- The paper introduces CMMP, a novel zero-shot HOI detection framework that employs decoupled conditional vision and language prompts to improve generalization.
- The method integrates conditional vision prompts with instance and spatial priors, and language-aware prompt learning with consistency constraints for robust feature extraction and classification.
- Evaluations on the HICO-DET dataset demonstrate that CMMP achieves state-of-the-art performance in various zero-shot settings, significantly enhancing detection of unseen human-object interactions.
The paper "Exploring Conditional Multi-Modal Prompts for Zero-shot HOI Detection" introduces a novel framework for zero-shot Human-Object Interaction (HOI) detection, aimed at recognizing both seen and unseen interaction categories within images. The proposed approach, termed Conditional Multi-Modal Prompts (CMMP), seeks to improve the generalization capabilities of large foundation models, such as CLIP, which are fine-tuned for the task of HOI detection.
Key Contributions:
- Conditional Multi-Modal Prompts (CMMP): CMMP enhances zero-shot HOI detection by utilizing decoupled vision and language prompts. These prompts serve distinct purposes: vision prompts focus on interactiveness-aware visual feature extraction, while language prompts support generalizable interaction classification.
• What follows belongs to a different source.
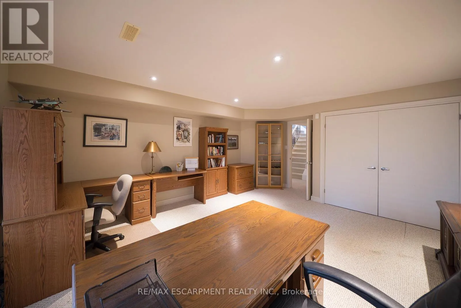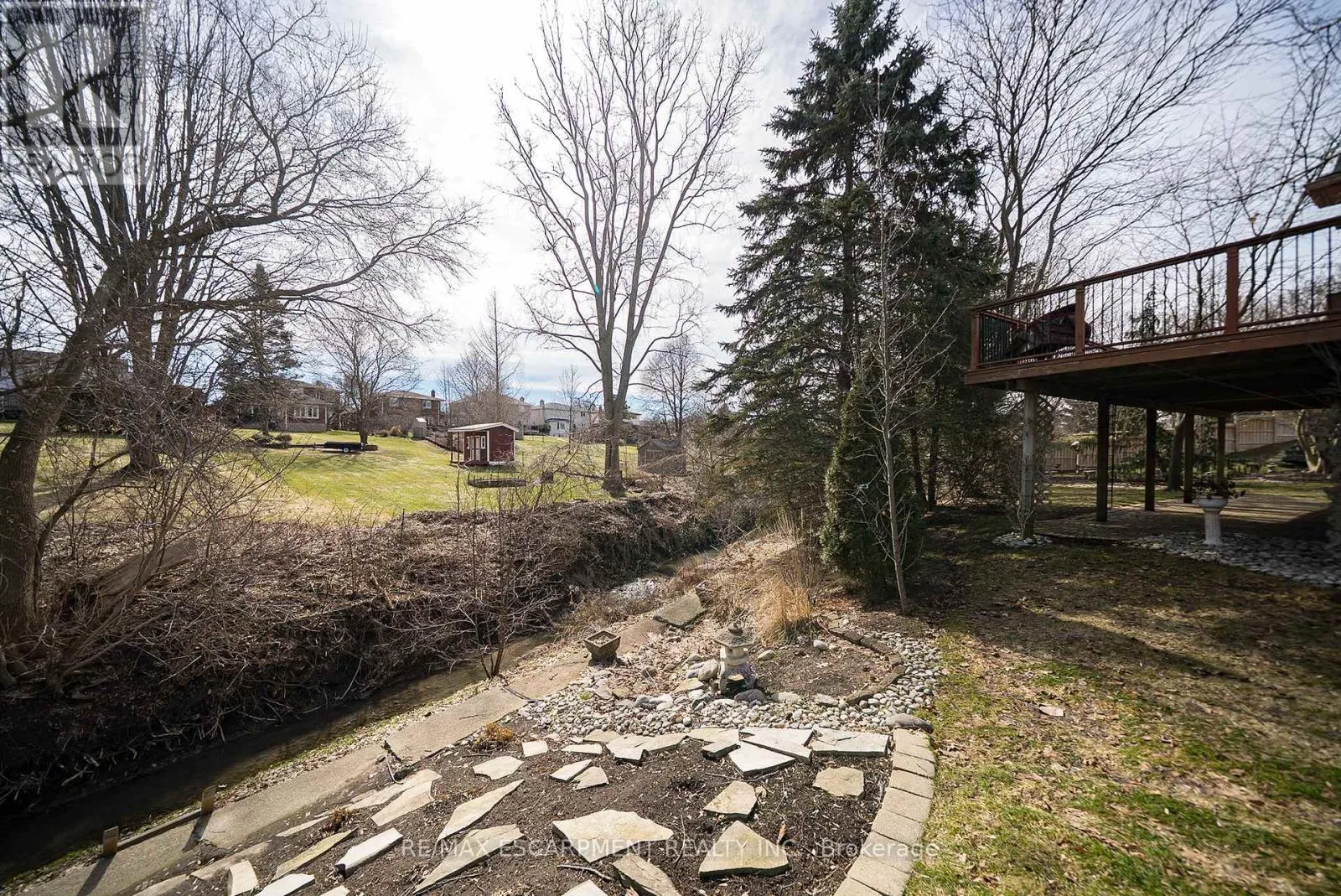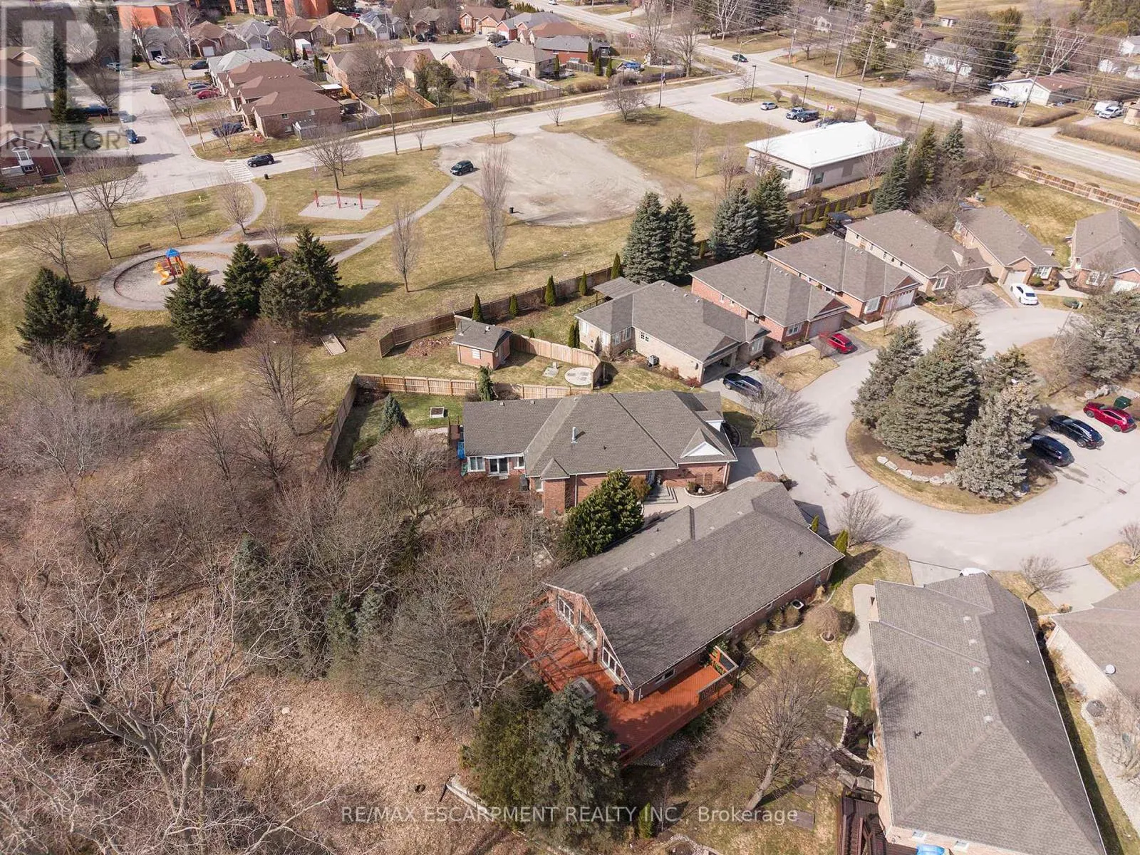 the front entrance, while landscaped grounds offer low-maintenance condo living. The tiled foyer features recessed lighting, built-in shelving, a 2pc bathroom, inside access to the garage and a main floor laundry room. The main level opens to a bright open-concept great room with soaring ceilings, recessed lighting and large windows filling the space with natural light. The great room features formal dining space and a living room with gas fireplace & focal-point ravine windows. The kitchen features shaker-style cabinetry with crown moulding, granite countertops and matching backsplash. Built-in appliances include a wall oven, microwave and cooktop set into the granite. A granite island with seating and storage anchors the space. The adjoining breakfast area features patio doors to an expansive wraparound deck with gas BBQ rough-in overlooking the ravine. The primary bedroom features California shutters, recessed lighting, dual closets and a 4pc ensuite with double sinks, shower and built-in storage. The finished basement includes a recreation room with built-in shelving, speakers & recessed lighting, plus a walk-out to a rear patio. This level also offers 2 bedrooms, a den and a 3pc bathroom with California shutters throughout. A utility room completes the lower level. The rear yard features an interlocking patio surrounded by mature trees, with no rear neighbours and a peaceful ravine view. Located in the prestigious and sought-after Rosedale Estates, this well-maintained bungalow condo offers quiet living in one of Brantford’s most desirable communities close to everyday amenities. (id:62650)

- Vision Prompts with Prior Knowledge: The approach introduces conditional vision prompts that integrate priors of different granularity, specifically:
- Input-conditioned Instance Prior: Encourages the image encoder to equally prioritize instances that belong to either seen or potentially unseen HOI concepts.
- Global Spatial Pattern Prior: Provides a representative plausible spatial configuration of human and object interactions, serving as a bridge for transferring knowledge between seen and unseen interactions.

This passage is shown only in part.